# Our First Gig is Tomorrow!



## mrmatt1972 (Apr 3, 2008)

So my little blues trio is playing at a local bar tomorrow (Friday). We are far from ready, but that just means we improvise a little which is OK for blues I think. I really didn't want to have the lyrics on a music stand but I haven't had enough practice time to memorize 30 songs. It's my first gig in a bar in literally years! I'm a tad nervous but excited too.

Wish us luck.

BTW we still haven't chosen a name, maybe "Nameless Blues" :smile:

Matt


----------



## lbrown1 (Mar 22, 2007)

best of luck Matt........you're gonna have a great time!


----------



## dufe32 (Feb 5, 2007)

Best of luck to you man.

July is pretty packed up for me: playing the 11th, the 18th, probably the 25th, it's a busy summer so far.

Have fun on stage, it's the most important thing man!!


----------



## dwagar (Mar 6, 2006)

enjoy yourself, relax, and have fun.

don't sweat the lyrics on the music stand. Just double check to make sure they are in order of the set list so you don't waste time looking for the next one.
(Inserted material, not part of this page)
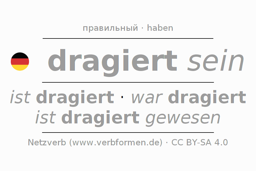 - Презенс: sei (du) dragiert, seien wir dragiert, seid (ihr) dragiert, seien Sie dragiert
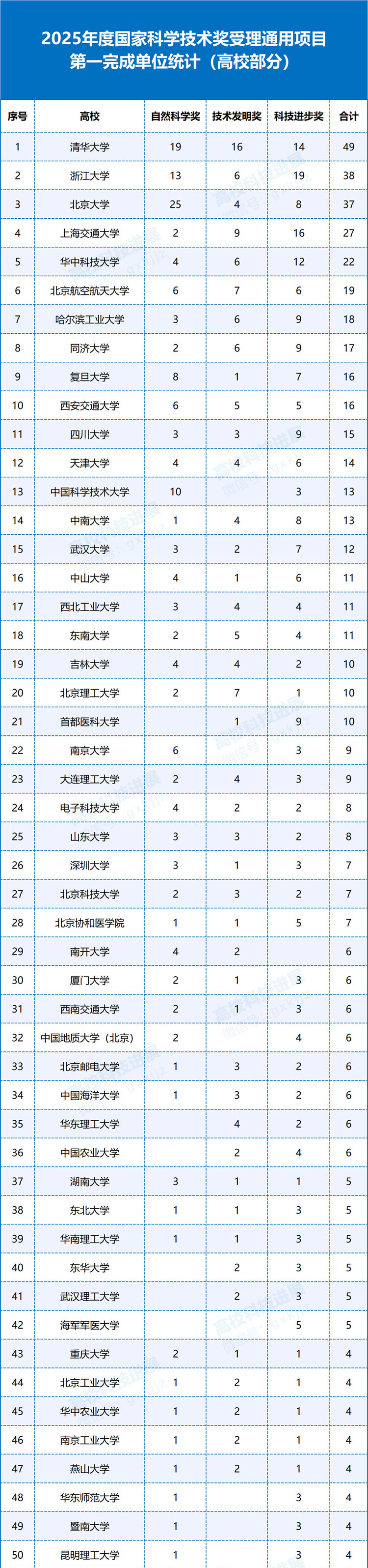 国家自然科学奖项目中,北京大学25项拟入选,清华大学19项,浙江大学13项,中国科学技术大学10项,复旦大学8项,北京航空航天大学、西安交通大学和南京大学各有6项拟入选。

you only have a couple of hours left to choose a name, just come up with something. Just remember, the name isn't as important as the band the name becomes associated with. I mean, wouldn't a name like the 'Beatles' be just a crappy name for a band?


----------



## CDWaterloo (Jul 18, 2008)

mrmatt1972 said:


> BTW we still haven't chosen a name, maybe "Nameless Blues" :smile:
> 
> Matt


Nameless Blues is a good name I'd suggested No Name Blues Band... close enough

Best of luck...

Cd


----------



## OldSoulBluesMan (Jul 9, 2009)

I second the vote for No Name Blues Band 

Best of luck to you brother!

Keep Rockin'
OSBM


----------